Воодушевленные похвалой известной певицы, авторы оперы начали второе действие — «Колумб в море». Оно оказалось еще более драматичным.

— Каравеллы плывут уже несколько дней, — пел Гашек. — Матросы все время пьют ром. Наконец на корабле не осталось ни капельки рома. Матросы бунтуют. Они схватили Колумба, чтобы выбросить его за борт.

Лицо Гашека было комически непроницаемым, а Лада старательно извлекал из гармошки тревожные звуки, выражая страх за судьбу Колумба.

В этот момент с мачты раздается крик: «Земля! Земля!», и матросы отходят от Колумба.

Композитор напрягал все силы, чтобы передать в музыке на редкость драматическую ситуацию, выжимал из гармошки все звуки, какие только таились в ней, и едва не проглотил инструмент…

— Увы! Это была ложь! — пел Гашек. — Никакой земли на горизонте нет. Сторожевой матрос пожалел Колумба и спас его от рассвирепевших матросов. Колумб проклинает всех святых.

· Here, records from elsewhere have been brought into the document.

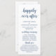 Herzlich willkommen in unserer Hochzeitstypografie, dem eleganten, modernen rustikalen Navy Blue-Script, der Veranstaltungskarte für Hochzeitsfeier. Es ist mit Scrollakzent entworfen, der personalisiert werden kann mit benutzerdefiniertem/personalisiertem Text für Ihr Brautparty, Zeremonie Details, Gedenkhinweise und Dankeschön-Nachricht. Wenn Sie weitere Programmkarten-Typen und -Größen suchen, durchsuchen Sie bitte unseren passenden Programmkartenabfrageabschnitt.
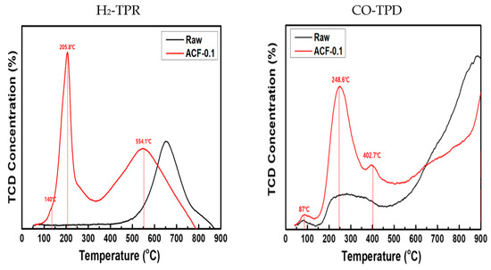 H2-TPR and CO-TPD analysis of raw ACF and ACF-0.1.
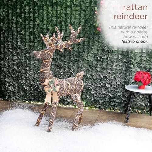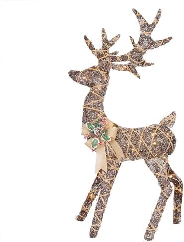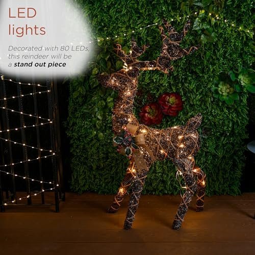 The Alpine Corporation 48″ Tall 3D Natural Rattan Reindeer with 80 Warm White LED Lights, Indoor/Outdoor Christmas Holiday Yard Decor Garden Display is a sophisticated holiday decoration designed to bring warmth, elegance, and festive charm to both indoor and outdoor environments. By combining natural rattan craftsmanship with soft, energy-efficient LED lighting, this decorative reindeer delivers a timeless Christmas aesthetic that enhances seasonal décor without overwhelming the space.

С губ Гашека сорвался поток смешных проклятий. Лада, а вслед за ним и все гости, захохотали. Проклятия сыпались одно смешнее другого. Казалось, им не будет конца. Лада забыл, что он композитор, и теперь катался по дивану от смеха, держась за живот. Гости вели себя не лучше. Один Гашек невозмутимо созерцал эту веселую вакханалию, время от времени разражаясь новыми проклятиями. Когда запас ругательств иссяк, он спокойно наблюдал за гостями, постепенно приходившими в себя. Подойдя к Ладе, писатель хлопнул его между лопаток и заставил поклониться слушателям.

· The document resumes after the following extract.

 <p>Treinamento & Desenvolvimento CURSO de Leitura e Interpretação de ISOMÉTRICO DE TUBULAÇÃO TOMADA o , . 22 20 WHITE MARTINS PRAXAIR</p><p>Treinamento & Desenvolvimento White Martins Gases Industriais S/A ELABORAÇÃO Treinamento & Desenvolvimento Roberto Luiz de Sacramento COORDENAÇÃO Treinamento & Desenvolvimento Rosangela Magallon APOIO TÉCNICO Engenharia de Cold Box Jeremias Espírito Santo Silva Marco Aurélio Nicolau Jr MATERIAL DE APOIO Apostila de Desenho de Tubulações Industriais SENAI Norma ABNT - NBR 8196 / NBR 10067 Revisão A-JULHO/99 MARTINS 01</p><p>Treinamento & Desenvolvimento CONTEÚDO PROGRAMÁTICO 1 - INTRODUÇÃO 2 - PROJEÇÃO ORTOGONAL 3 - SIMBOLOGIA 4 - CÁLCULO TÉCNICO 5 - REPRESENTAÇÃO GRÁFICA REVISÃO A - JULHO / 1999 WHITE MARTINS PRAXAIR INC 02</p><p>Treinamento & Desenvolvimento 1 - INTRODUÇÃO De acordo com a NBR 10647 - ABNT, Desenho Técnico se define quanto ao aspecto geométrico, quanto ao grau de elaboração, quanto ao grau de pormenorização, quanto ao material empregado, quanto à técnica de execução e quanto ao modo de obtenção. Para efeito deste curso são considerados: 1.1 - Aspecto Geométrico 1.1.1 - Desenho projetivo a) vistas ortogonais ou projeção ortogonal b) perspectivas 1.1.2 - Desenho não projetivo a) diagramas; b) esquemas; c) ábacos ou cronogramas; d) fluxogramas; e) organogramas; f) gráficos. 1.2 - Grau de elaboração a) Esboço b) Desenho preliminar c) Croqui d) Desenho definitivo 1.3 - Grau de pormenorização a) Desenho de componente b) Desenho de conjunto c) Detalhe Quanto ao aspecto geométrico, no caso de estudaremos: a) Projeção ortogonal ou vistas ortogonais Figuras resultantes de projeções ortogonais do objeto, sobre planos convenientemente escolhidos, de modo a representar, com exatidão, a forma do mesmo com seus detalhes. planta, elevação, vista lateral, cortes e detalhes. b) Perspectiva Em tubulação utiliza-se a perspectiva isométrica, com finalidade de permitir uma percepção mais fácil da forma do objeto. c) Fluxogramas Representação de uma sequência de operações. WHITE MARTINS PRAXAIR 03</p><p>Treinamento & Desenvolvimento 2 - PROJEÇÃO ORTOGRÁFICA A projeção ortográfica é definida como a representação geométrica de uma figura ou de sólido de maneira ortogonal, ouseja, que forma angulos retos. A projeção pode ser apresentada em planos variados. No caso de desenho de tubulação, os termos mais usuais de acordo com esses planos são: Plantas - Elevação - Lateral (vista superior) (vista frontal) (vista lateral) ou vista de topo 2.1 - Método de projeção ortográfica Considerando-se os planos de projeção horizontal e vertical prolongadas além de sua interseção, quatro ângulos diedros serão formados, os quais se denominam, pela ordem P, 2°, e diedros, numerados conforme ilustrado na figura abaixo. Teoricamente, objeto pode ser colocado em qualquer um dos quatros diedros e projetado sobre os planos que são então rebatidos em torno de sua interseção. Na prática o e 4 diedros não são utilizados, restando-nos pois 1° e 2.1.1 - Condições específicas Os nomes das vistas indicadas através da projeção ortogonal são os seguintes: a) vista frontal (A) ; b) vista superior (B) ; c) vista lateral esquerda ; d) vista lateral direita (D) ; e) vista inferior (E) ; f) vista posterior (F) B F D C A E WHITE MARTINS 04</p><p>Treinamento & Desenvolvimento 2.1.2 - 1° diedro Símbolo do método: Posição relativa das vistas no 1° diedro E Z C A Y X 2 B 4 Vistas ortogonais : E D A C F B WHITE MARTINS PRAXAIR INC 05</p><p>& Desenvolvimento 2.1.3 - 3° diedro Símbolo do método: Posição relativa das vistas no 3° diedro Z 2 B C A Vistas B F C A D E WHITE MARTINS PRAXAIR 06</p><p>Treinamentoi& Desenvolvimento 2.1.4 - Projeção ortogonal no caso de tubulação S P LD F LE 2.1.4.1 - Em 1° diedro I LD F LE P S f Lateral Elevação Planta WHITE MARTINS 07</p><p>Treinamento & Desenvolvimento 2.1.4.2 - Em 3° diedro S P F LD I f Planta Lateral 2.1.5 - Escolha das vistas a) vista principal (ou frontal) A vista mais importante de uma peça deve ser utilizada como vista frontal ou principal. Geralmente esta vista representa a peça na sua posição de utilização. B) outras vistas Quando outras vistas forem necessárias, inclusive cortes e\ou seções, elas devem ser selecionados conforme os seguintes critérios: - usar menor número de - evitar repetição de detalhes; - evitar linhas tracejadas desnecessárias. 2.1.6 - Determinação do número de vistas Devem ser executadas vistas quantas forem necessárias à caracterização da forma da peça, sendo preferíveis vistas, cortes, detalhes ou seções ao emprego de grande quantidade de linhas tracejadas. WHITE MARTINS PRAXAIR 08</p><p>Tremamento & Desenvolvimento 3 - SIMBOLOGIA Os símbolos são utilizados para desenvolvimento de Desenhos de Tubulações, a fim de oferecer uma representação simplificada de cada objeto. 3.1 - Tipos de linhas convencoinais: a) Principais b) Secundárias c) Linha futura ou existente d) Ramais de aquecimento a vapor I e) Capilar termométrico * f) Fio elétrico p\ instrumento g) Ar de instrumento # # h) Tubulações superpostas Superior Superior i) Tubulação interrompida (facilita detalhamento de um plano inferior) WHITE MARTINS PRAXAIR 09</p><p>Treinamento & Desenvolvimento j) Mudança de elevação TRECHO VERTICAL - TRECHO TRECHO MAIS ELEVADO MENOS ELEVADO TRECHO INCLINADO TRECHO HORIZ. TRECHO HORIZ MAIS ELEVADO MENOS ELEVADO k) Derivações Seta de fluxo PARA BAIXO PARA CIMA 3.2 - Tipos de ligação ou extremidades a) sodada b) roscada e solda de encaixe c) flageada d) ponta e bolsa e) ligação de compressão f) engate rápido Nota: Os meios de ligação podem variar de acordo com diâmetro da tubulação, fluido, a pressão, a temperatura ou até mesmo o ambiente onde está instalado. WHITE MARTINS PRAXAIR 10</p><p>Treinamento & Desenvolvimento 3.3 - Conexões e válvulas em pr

Любовь к веселым шуткам и розыгрышам приводила Гашека и Ладу на сеансы «живой фотографии» — в кинематограф. Они ходили туда не столько ради фильмов, сколько ради музыки или публики. У них были два любимых кинематографа — один на проспекте Фердинанда, другой — на Ечной улице. В первом им нравился оркестр — музыканты играли так фальшиво, что даже Гашек понимал это и смеялся от души. Часто музыканты играли, не обращая внимания на то, что происходит на экране — когда героиня бежала топиться, оркестранты исполняли веселый марш. Выбрав наиболее напряженный момент в фильме, кто-нибудь из друзей закрывал окошечко проектора шляпой. Публика сердилась, топала ногами, требовала назад деньги. Тогда окошечко кинопроектора открывалось, фильм шел своим чередом, и публика успокаивалась.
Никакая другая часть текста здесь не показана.